Apports de l’imagerie dans les troubles de la croissance

1. Les retards de croissance

Les retards de croissance sont beaucoup plus fréquents que les gigantismes. Ils posent deux problèmes : celui de l'étiologie d'une part et de l'indication d'un traitement d'autre part. En effet, la disponibilité actuelle de l'hormone de croissance humaine biosynthétique a modifié l'attitude médicale et il faut actuellement bien savoir poser l'indication de ces traitements fort coûteux et non totalement dénués de risque (tableau 1).

Retard de cause endocrinienne Insuffisance hypophysaire Insuffisance thyroïdienne Hypercortisolisme

Hypoparathroïdisme Retard lié aux anomalies

chromosomiques

Déletion complète ou partielle d'un chromosome X (syndrome de Turner) Monosomie et trisomie des autosomes Retard lié aux maladies

constitutionnelles du squelette

Retard secondaire Maladie viscérale chronique, maladie métabolique Carence affective (nanisme psychosocial)

Retard de croissance dit "essentiel"

Tableau 1 : principales étiologies des retards de croissance à début post natal

1.1. Diagnostic d'un retard statural

de référence. Les normes les plus fréquemment utilisées en France sont celles de Sempé. Il existe une insuffisance staturale lorsque la taille est comprise entre - 2 et - 4 DS par rapport aux normes ; il s'agit d'un nanisme lorsque la taille se situe au-delà de - 4 DS. L'âge statural représente l'âge d'un enfant identique de taille normale. Il est mis en rapport avec le degré de maturation osseuse et le stade de développement pubertaire.

La vitesse de croissance est évaluée dans un délai d'au moins un semestre, puis elle est comparée aux courbes de référence établies pour l'âge en fonction de l'âge civil (courbe de Sempé) ou en fonction de l'âge osseux (courbe de Tanner).

L'analyse des antécédents familiaux et des données cliniques est fondamentale : taille des ascendants et des collatéraux de l'enfant, antécédents obstétricaux (taille, poids, périmètre crânien, terme de naissance, circonstances de l'accouchement). L'examen clinique recherche en particulier une pathologie rénale, cardiaque ou respiratoire ou des signes orientant vers une malnutrition. Il est aussi important de noter l'existence d'une dysmorphie, de malformations, d'un déficit neurologique et de connaître l'environnement socio-économique et affectif de l'enfant.

Il est très important de déterminer si le retard a été constant depuis la petite enfance ou s'il existe au contraire un fléchissement ou une cassure de la courbe de croissance, ce qui constitue un argument en faveur d'une insuffisance endocrinienne. En pratique, entre 0 et -2DS, le risque d'insuffisance endocrinienne est faible si la courbe de croissance a été régulière et si les tailles familiales sont du même ordre ; au contraire, au-delà de -3DS, le risque devient très important, surtout si les tailles familiales sont élevées et l'enquête étiologique doit être poussée.
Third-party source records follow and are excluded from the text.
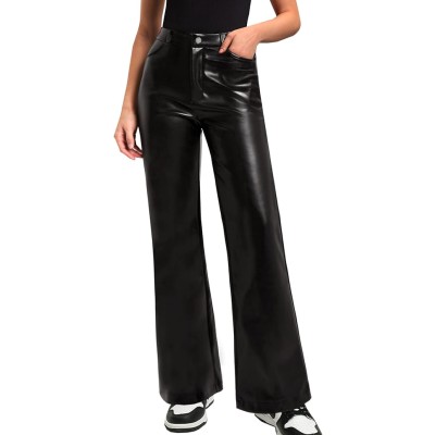Black Faux Leather Pants for Women High Waisted Flare Leggings Straight Wide Leg Pleather Pants with Pockets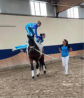 11 Voltigierer und 1 Trainer hatten den Basispass Pferdeführerschein „Praktischer Umgang mit dem Pferd“, 8 Voltigierer das Abzeichen Klasse 7, 5 Voltigierer das Abzeichen Klasse 9 und 3 Voltigierer das Abzeichen Klasse 10 bestanden. Die Einzelvoltigiererin des Vereins durfte sich nach langer Pause besonders freuen: Luise H. ist im Besitz des Voltigierabzeichens Klasse 3 und hat damit die Qualifikation zum Einzelvoltigieren, wie auch zur möglichen Trainerlaufbahn erfolgreich bestanden.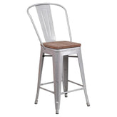 24" High Tolix Counter Height Stool with Back and Wood Seat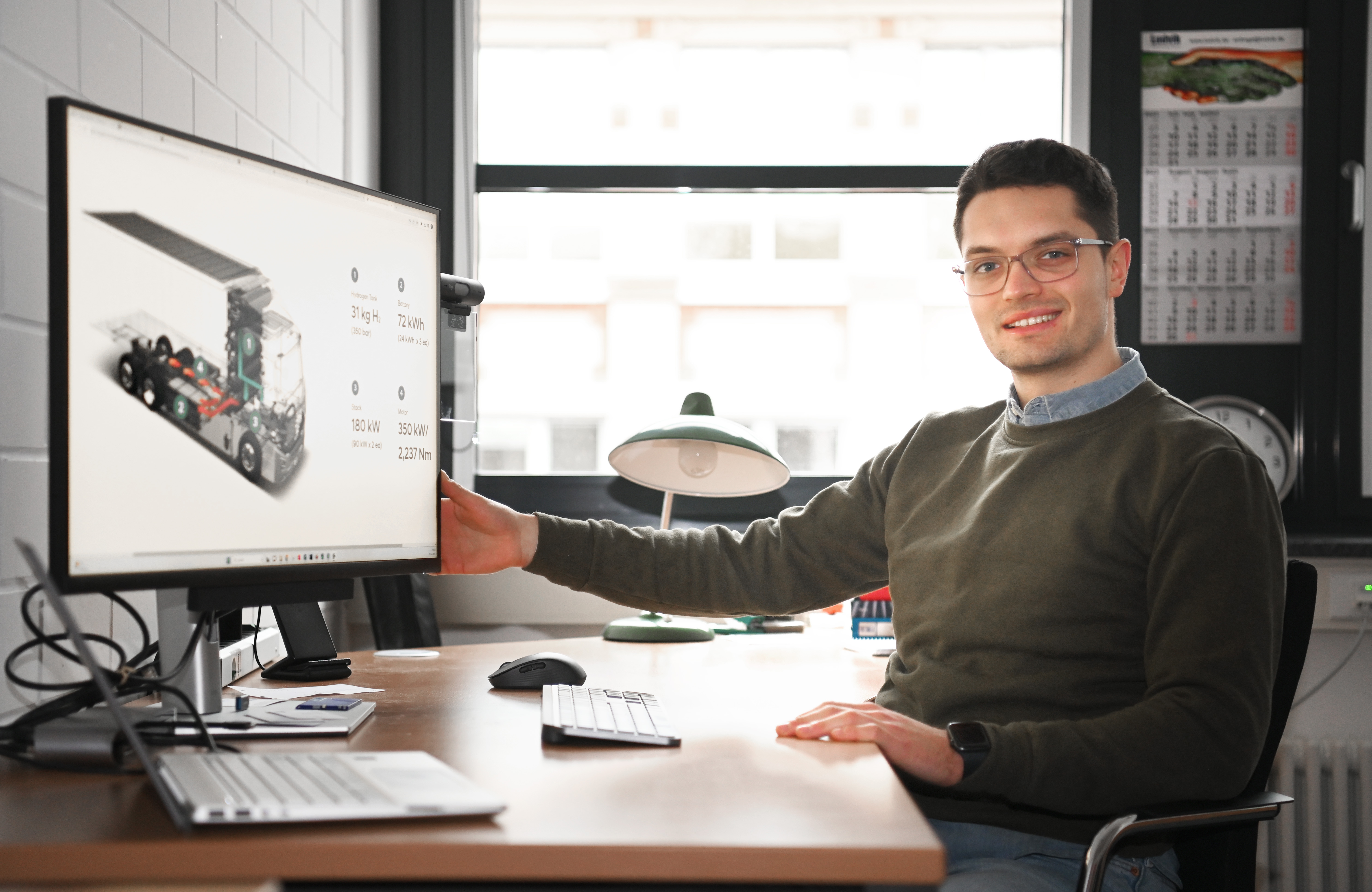 Wie die Komponenten eines Doppel-Brennstoffzellenantriebs eines LKW so aufeinander abgestimmt werden müssen, damit sie möglichst sparsam und trotzdem leistungsfähig arbeiten, hat der Recklinghäuser Felix Smyrek in seiner Bachelorarbeit an der FH Dortmund untersucht. Sein Ergebnis unterstreicht die Sinnhaftigkeit von Brennstoffzellenantrieben in LKW.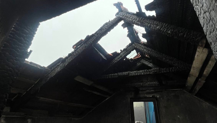 Očevidom je utvrđeno da je do požara došlo na način da je uslijed loženja vatre došlo do zapaljenja grede koja je djelomično prolazila kroz dimnjak te se vatra proširila na cijelo drveno krovište.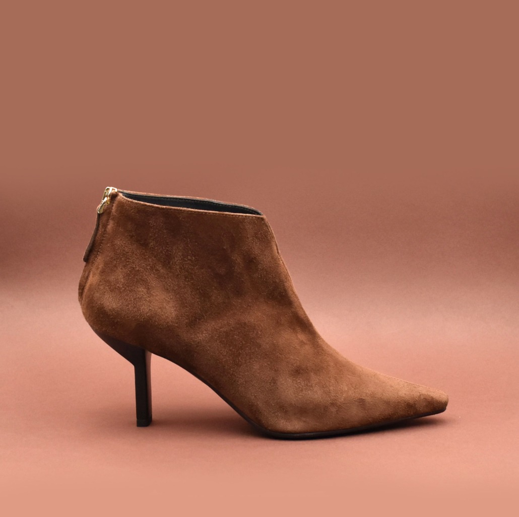 Stivaletto in morbido camoscio Sigaro con motivo ‘spacco’ su collo piede.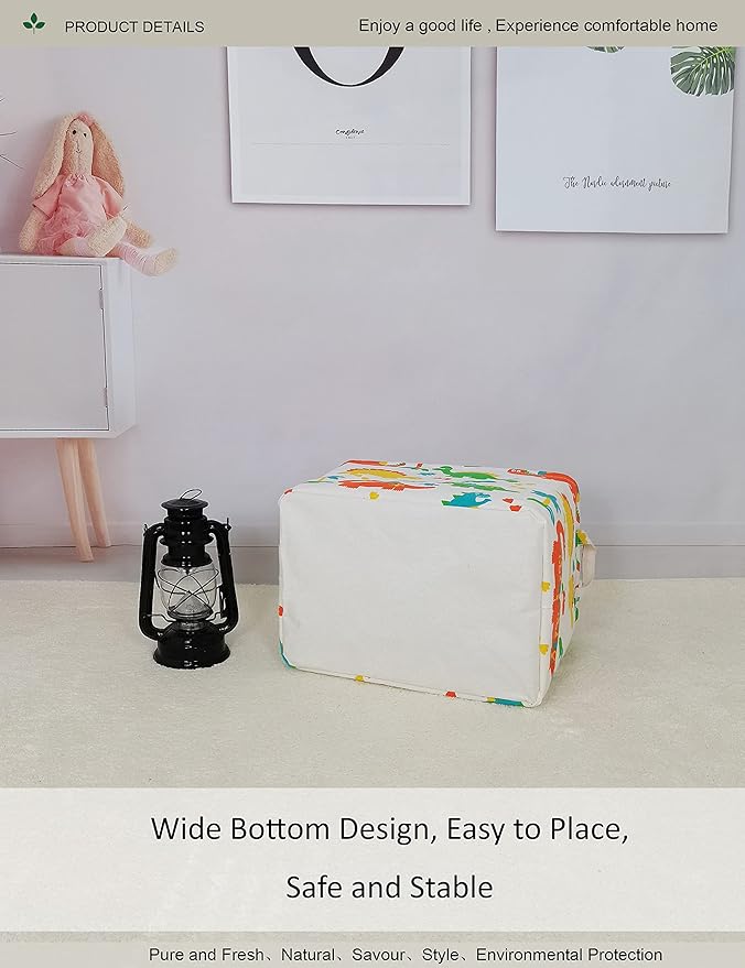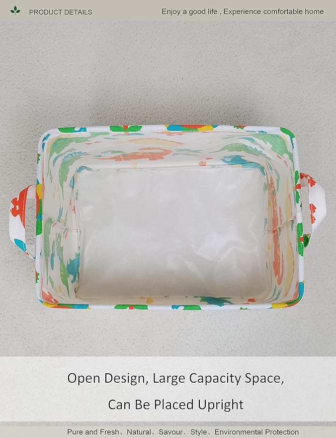 Rectangular Folding Laundry Basket, Canvas Basket,Nersury Hamper,Suitable for Children,Office,Bedroom,Clothes,Toys Storage(Dinosaur Paradise) (1)

Les dosages hormonaux sont systématiques :

- le déficit en GH est défini par une réponse < à 10 ng/ml au cours de 2 épreuves de stimulation standard. Le déficit est "complet" lorsque la réponse < à 5 ng/ml ; il est partiel lorsque l'une ou les deux des réponses se situe entre 5 et 10 ng/ml.

- les autres déficits anté-hypophysaires sont quantifiés par les dosages hormonaux de base et les tests de stimulation. La prolactine et la sécrétion post hypophysaire (hormone anti-diurétique) sont systématiquement évaluées.

La détermination de l'âge osseux est fondamentale.

La méthode la plus couramment pratiquée est la radiographie de la main et du poignet gauche, que l'on compare à celle de l'atlas de référence de Greulich et Pyle. Cette méthode subjective comporte beaucoup d'imperfections et le profil

évolutif de l'âge osseux chez un enfant est plus important que la valeur absolue de l'âge osseux à un moment donné. En cas de dissociation entre la maturation du carpe et la maturation des épiphyses des doigts, il faut surtout retenir celle des doigts. Il existe d'autres méthodes d'évaluation de l'âge osseux : méthode de Lefebvre et Koifman, sur un hémisquelette utilisée surtout avant un an, méthode de Nahum et Sauvegrain au niveau du coude, après 8 ans ; après la puberté, l'index de Risser au niveau du bassin. Lorsque le test de Risser est à 5, la croissance est terminée.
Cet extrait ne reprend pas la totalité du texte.